(Collected data)

▬▬▬

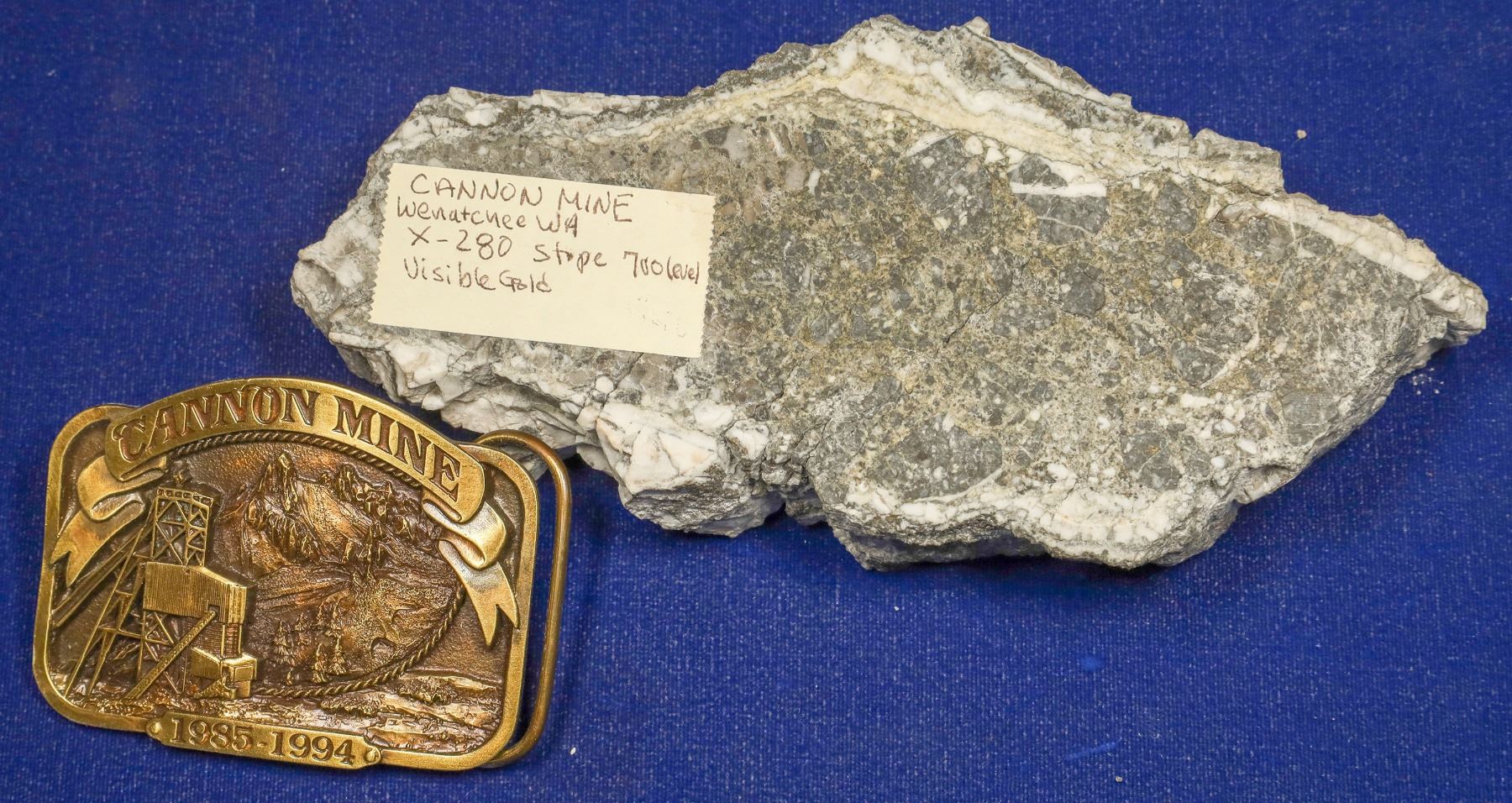 This specimen is a 725-gram slab from a high-grade portion of the Cannon Mine showing the characteristic banded structure with visible gold and electrum (a grayish silver-gold alloy) of the ore. It is approx 7 x 3 x 1.25 inches. This piece is labeled by the collector as from the X-280 Stope, 700 Level. The lot comes with a brass belt buckle commemorating operations at the Cannon Mine from 1985-1994. It shows the head frame set against a bas-relief background of the local mountains. It is number 83 of 250. Made in 1994 by Siskayou Buckle Co, Ashland, Oregon. See other lots of Cannon Mine slabs for a description of the mine.
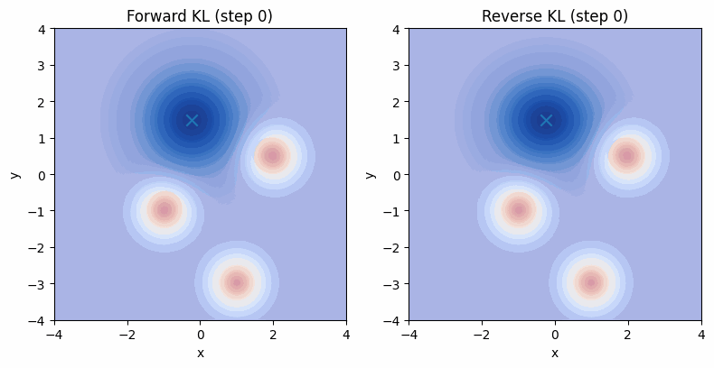 为了更好的理解前向KL和反向KL以及他们对应的行为,我们可以利用torch的自动微分,设定一个可学习的单峰高斯分布作为$q(x)$,然后以一个多峰高斯分布作为$p(x)$。我们可以可视化一下优化时的行为:
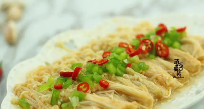 将珊瑚金针用清水煮制,加入适量调味料即可,清淡鲜美。
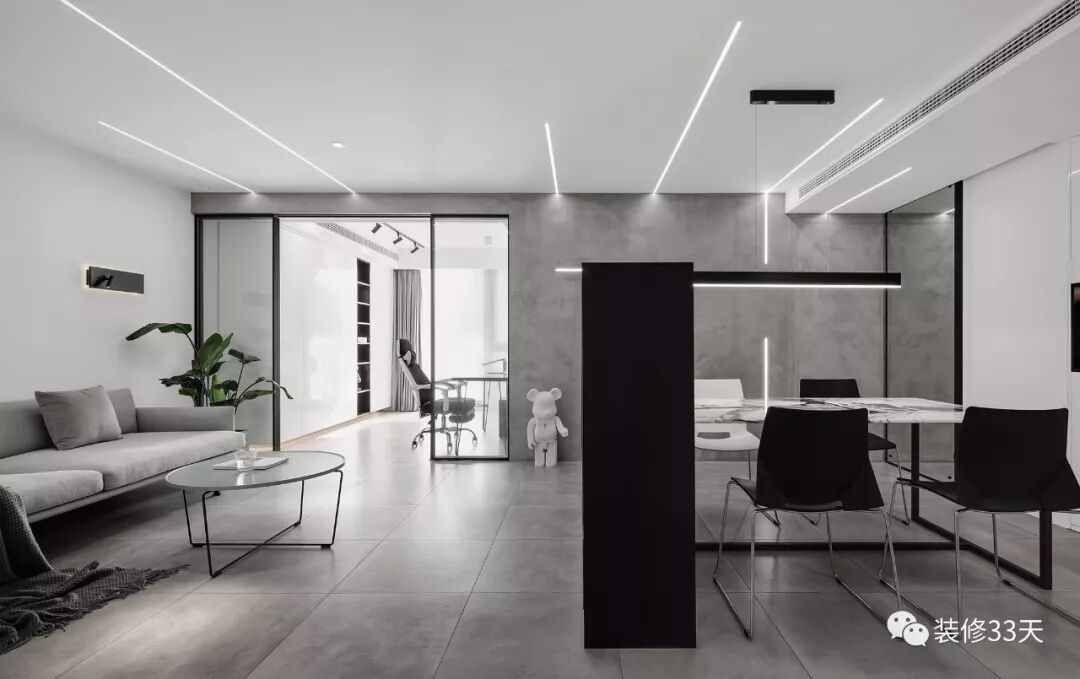 ▲ 电视墙不仅设计极简,还划分了客餐厅,线条灯从顶面延续至水泥肌理漆墙,打造出利落清爽的氛围
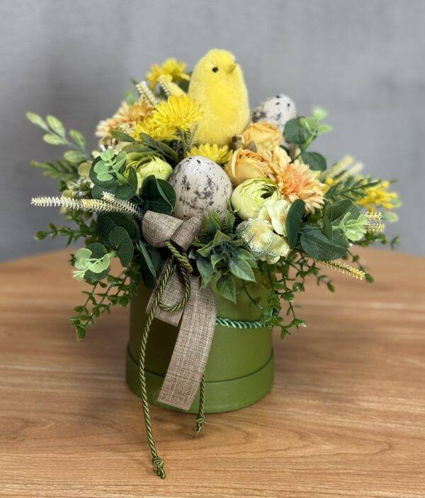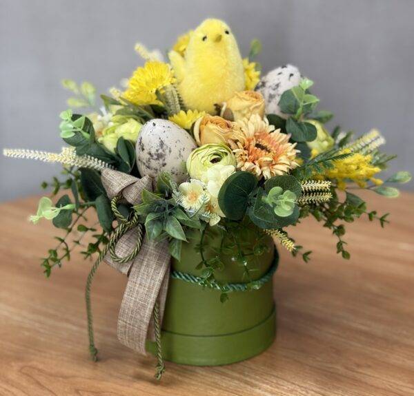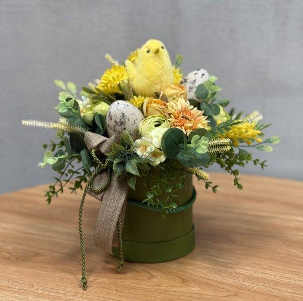 Dekoracja wykonana jest w ozdobnym pudełku na kwiaty.
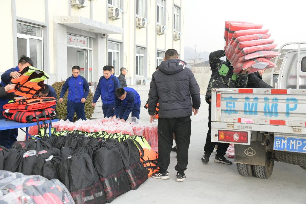 被救援人员向山区村捐赠共计280件救生衣。新华社发
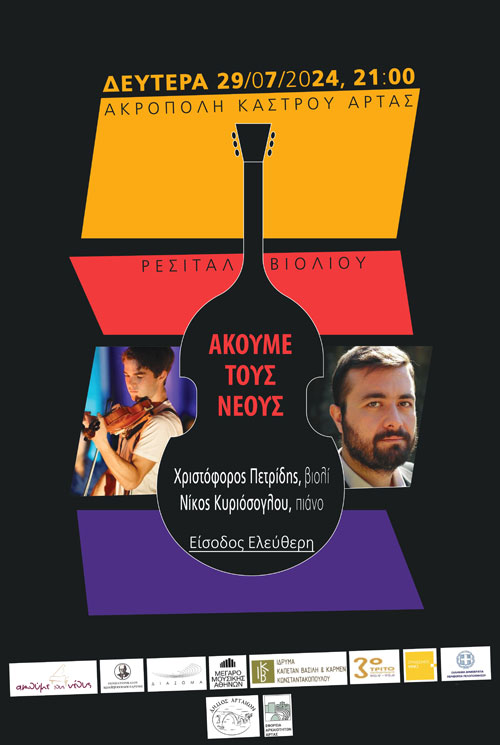Ο Δήμος Αρταίων, το Σωματείο ΔΙΑΖΩΜΑ, η Εφορεία Αρχαιοτήτων Άρτας, και το Καλογεροπούλειο Ίδρυμα Κορίνθου σας προσκαλούν σε ρεσιτάλ βιολιού στο πλαίσιο του Προγράμματος “Ακούμε τους Νέους 2024”, το οποίο υλοποιείται σε συνεργασία με το Μέγαρο Μουσικής Αθηνών και το Τρίτο Πρόγραμμα και έχει ως στόχο να συστήσει νέους μουσικούς της κλασικής μουσικής στο μελλοντικό τους κοινό.
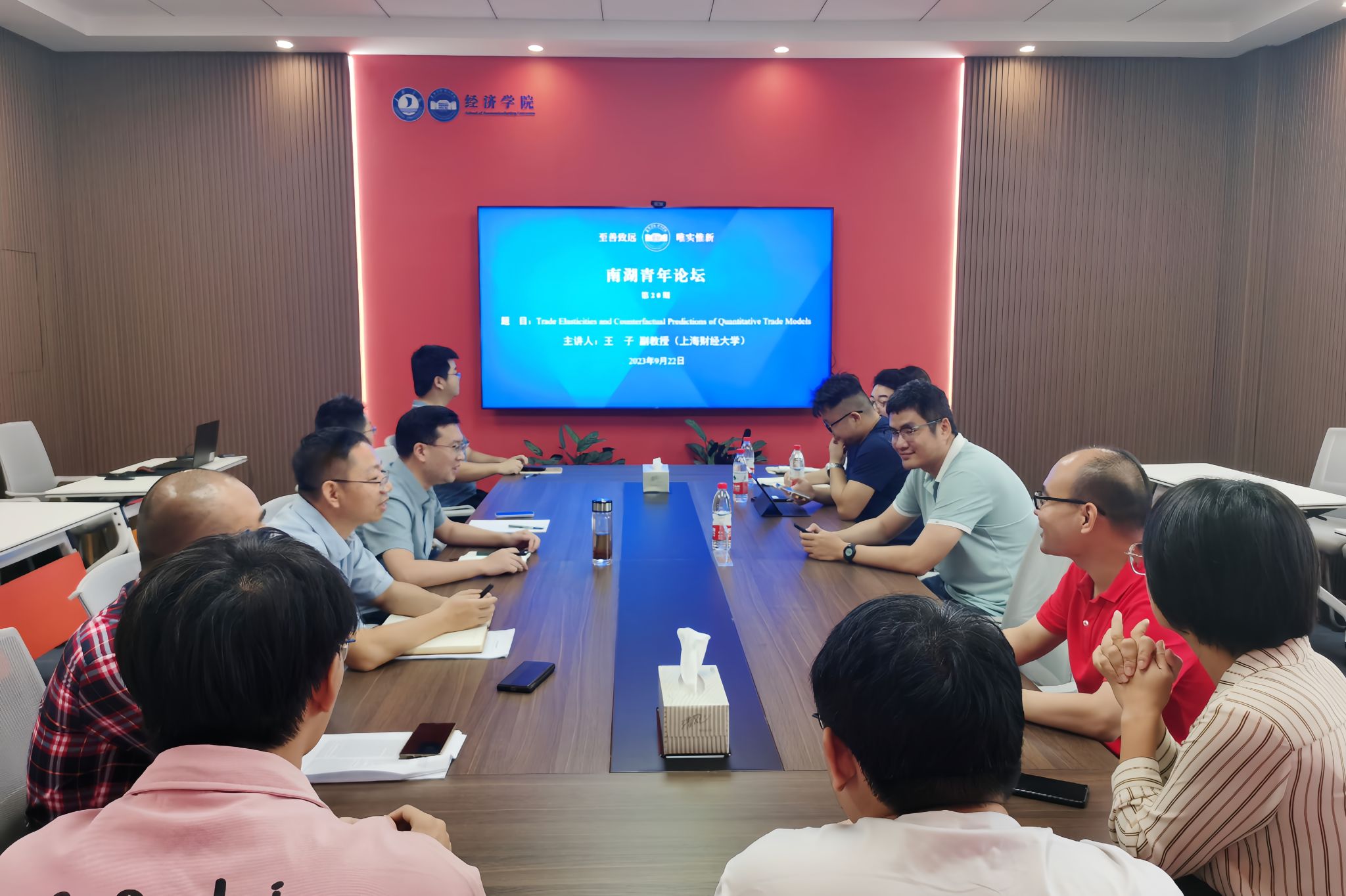 922日上午,麻豆tv 在尚德楼268会议室成功举办第20期南湖青年论坛。上海财经大学王子副教授(长聘)应邀作题为《Trade Elasticities and Counterfactual Predictions of Quantitative Trade Models》的学术报告,麻豆tv 院长文雁兵教授主持,学院多名教师共同参与研讨。
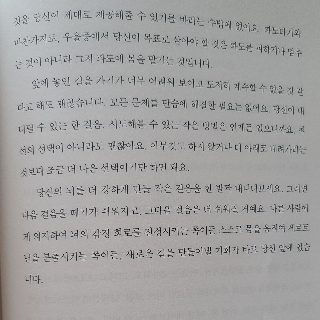 요약이 책은 신경과학적 관점에서 우울증이 단순히 마음의 문제가 아니라 뇌 속의 회로와 신경전달물질의 상호작용으로 인해 발생하는 일종의 ‘하향식 나선(downward spiral)’임을 밝히며 시작합니다. 저자인 앨릭스 코브는 뇌가 우울이라는 부정적인 루프에 빠졌을 때, 이를 어떻게 다시 긍정적인 방향으로 돌려놓을 수 있는지 구체적인 실천 전략을 제시합니다. 그는 뇌를 거대한 기계가 아니라 여러 시스템이 연결된 네트워크로 설명하
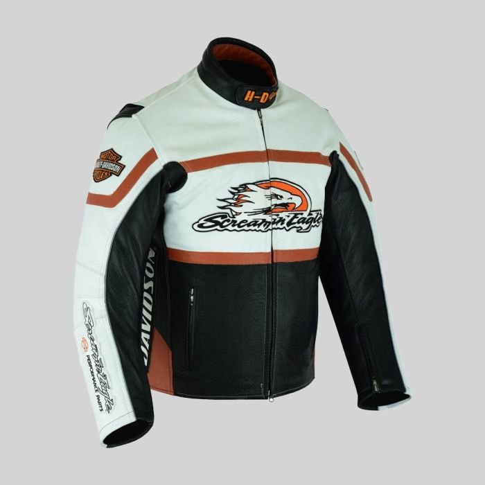 Looking for the top leather jacket for motorcycle riders that combines style, comfort, and protection? The Harley‑Davidson Men’s Raceway Screamin’ Eagle Leather Jacket is engineered for enthusiasts who demand durability and performance. Made from premium cowhide leather with breathable lining, ventilation, and armor-ready pockets, it’s perfect for riders who want both iconic Harley-Davidson style and safety.
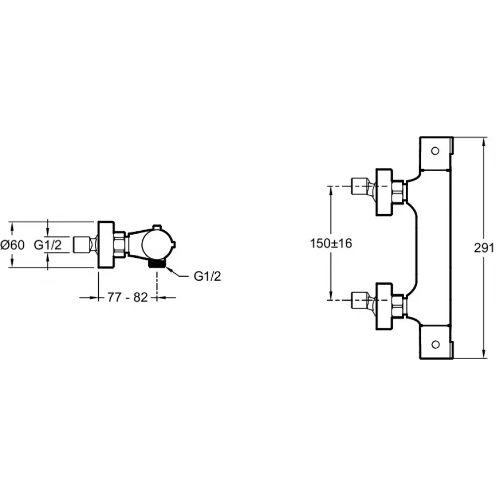 Технические характеристики Настенный смеситель без излива Brive без лейки, термостат E24334-CP Jacob Delafon
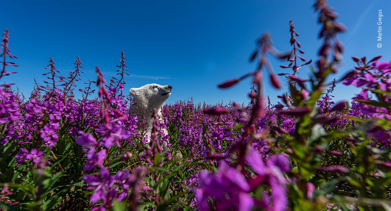- “Among the flowers” di Martin Gregus mostra un cucciolo di orso polare che gioca in un campo fiorito sulla costa della Hudson Bay, Canada. Realizzare lo scatto è stata una bella impresa, che ha previsto il posizionamento della fotocamera a livello del terreno, tra l’erba, e una paziente attesa a distanza per poi scattare da remoto, sperando di aver colto l’attimo.

▬▬▬

- **Task brief**
Range to copy from the records above: the line containing "Trade Models》的学术报告,麻豆tv 院长文雁兵教授主持,学院多名教师共同参与研讨。" to the line containing "요약이 책은 신경과학적", both included. Output those lines exactly and only those, skipping pictures.

- **Response area**
 922日上午,麻豆tv 在尚德楼268会议室成功举办第20期南湖青年论坛。上海财经大学王子副教授(长聘)应邀作题为《Trade Elasticities and Counterfactual Predictions of Quantitative Trade Models》的学术报告,麻豆tv 院长文雁兵教授主持,学院多名教师共同参与研讨。
 요약이 책은 신경과학적 관점에서 우울증이 단순히 마음의 문제가 아니라 뇌 속의 회로와 신경전달물질의 상호작용으로 인해 발생하는 일종의 ‘하향식 나선(downward spiral)’임을 밝히며 시작합니다. 저자인 앨릭스 코브는 뇌가 우울이라는 부정적인 루프에 빠졌을 때, 이를 어떻게 다시 긍정적인 방향으로 돌려놓을 수 있는지 구체적인 실천 전략을 제시합니다. 그는 뇌를 거대한 기계가 아니라 여러 시스템이 연결된 네트워크로 설명하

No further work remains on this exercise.